1. Prevalence of peripheral artery disease (PAD) has increased by 23.5% between 2000 and 2010, and now affects over 202 million people globally.
2. More than two-thirds of people living with PAD live in low- and middle-income countries.
3. Change in PAD prevalence is greatest in those older than 80 years of age, with a rise of more than 35% in one decade.
Evidence Rating Level: 1 (Excellent)
Study Rundown: Lower limb peripheral artery disease (PAD) is the third leading cause of atherosclerotic vascular morbidity after coronary heart disease and stroke. However, to date there has not been a significant study to determine the worldwide and regional prevalence of PAD.
The results of this study reveal a rapid rise in the prevalence of PAD from 164 million in 2000 to 202 million in 2010 for a net increase of 23.5%. This rise was seen in both high and low-middle income countries with no significant difference in age-specific prevalence. However, in high-income countries, those diagnosed with PAD were equally likely to be men and while those diagnosed in low-middle income countries were more likely to be women. Finally, of 15 risk factors analyzed, there were several associated with significantly increased odds of PAD development: current or former smoking status, history of another cardiovascular disease (e.g. CHD and stroke), diabetes, hypertension, and hypercholesterolemia.
The study is the first large scale report that has sought to determine the global prevalence of PAD and determine significant risk factors for development of PAD based on regional factors. Limitations at this time include the quality of data from some regions and that this study has a limited number of countries included. While this is the largest study to date studying global PAD prevalence, its findings based on data from 19 countries, which may or may not be truly representative for the world (e.g. this study included data from only 1 South American country).
Further, this study provides no follow-up data regarding outcomes of PAD in these differing global settings. Thus, it remains difficult to determine what impact this rise in prevalence has on global public health.
Relevant Reading: The impact of peripheral arterial disease on health-related quality of life in the Peripheral Arterial Disease Awareness, Risk, and Treatment: New Resources for Survival (PARTNERS) Program
Lead author Professor Gerry Fowkes speaks to 2 Minute Medicine: University of Edinburgh, United Kingdom
“PAD has become a global problem in the 21st century and can no longer be regarded as a disease that affects mostly HIC. The dramatic growth in PAD is already a major public health challenge due to loss of mobility, diminished quality of life, and the significantly increased risk of heart attack and stroke. As the world’s population ages, PAD will become substantially more common, and there is an urgent need to assess treatment and prevention strategies in both HIC and LMICs.”

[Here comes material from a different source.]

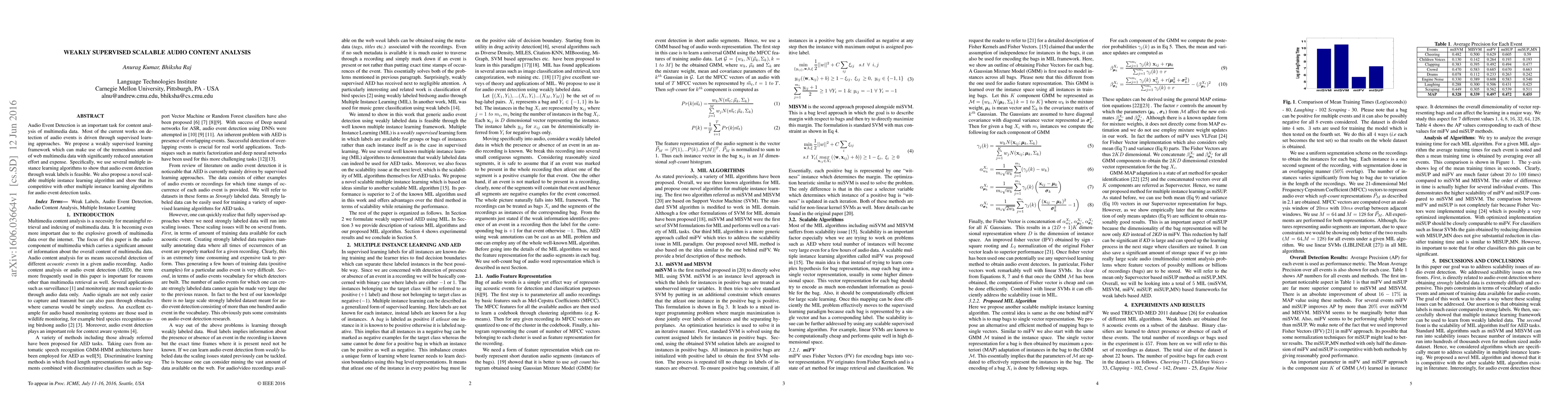 This paper proposes a weakly supervised learning framework for scalable audio content analysis using multiple instance learning algorithms, enabling efficient detection of audio events with minimal annotation effort. It introduces a novel scalable multiple instance learning algorithm that competes effectively with existing methods.

In-Depth [meta-analysis]: This study includes 34 epidemiological studies of 112,027 patients from nineteen different countries (twenty-two from High Income Countries or HICs, twelve from low- or middle-income countries, or LMICs) during the time period between 2000 to 2010.
Patients were studied in 5-year age groups (25 to 99 years old) to determine age-specific and sex-specific prevalence rates, Further, 15 PAD risk factors were studied to assess whether these played a role in delineating the respective prevalence in LMIC and HIC. Finally, regional estimates were calculated based upon prevalence derived from the patient data plus derivations of four factors found to have the highest associated odds for developing PAD (current smoking, hypertension, hypercholesterolemia, and diabetes).
Analysis revealed that the global prevalence of PAD has increased from 164 million in 2000 to 202 million in 2010 – an increase of 23.5%. The rise in PAD rates was most striking those greater that 80 years old, a group that saw increases greater than 35%. In 2010, 140.8 million of these patients with PAD (69.7% of world total) were in 2010 were living in LIMC regions (southeast Asia, western Pacific, Latin America, sub-Saharan Africa, eastern Mediterranean) while the remaining 61.3 million (30.3%) lived in Europe, and the high-income regions of the western Pacific and Americas. In HIC, male gender increased the risk of PAD diagnosis while in LMIC, PAD was consistently more prevalent in women across all age groups. Further analysis of other pertinent risk factors revealed significantly increased odds (OR >2) of PAD diagnosis with the presence of one the following risk factors: current smoking, former smoking, and history of another cardiovascular disease such as CHD and stroke; and moderately increased odds (OR 1.5-2.0) by diagnoses of diabetes, hypertension or hypercholesterolemia.
The authors acknowledged possible bias associated with limited mean lifespan in LMIC, smaller LMIC older age cohorts, worse survival of older age PAD patients in LMIC in comparison to HIC that is likely related to healthcare availability, and limited LMIC data.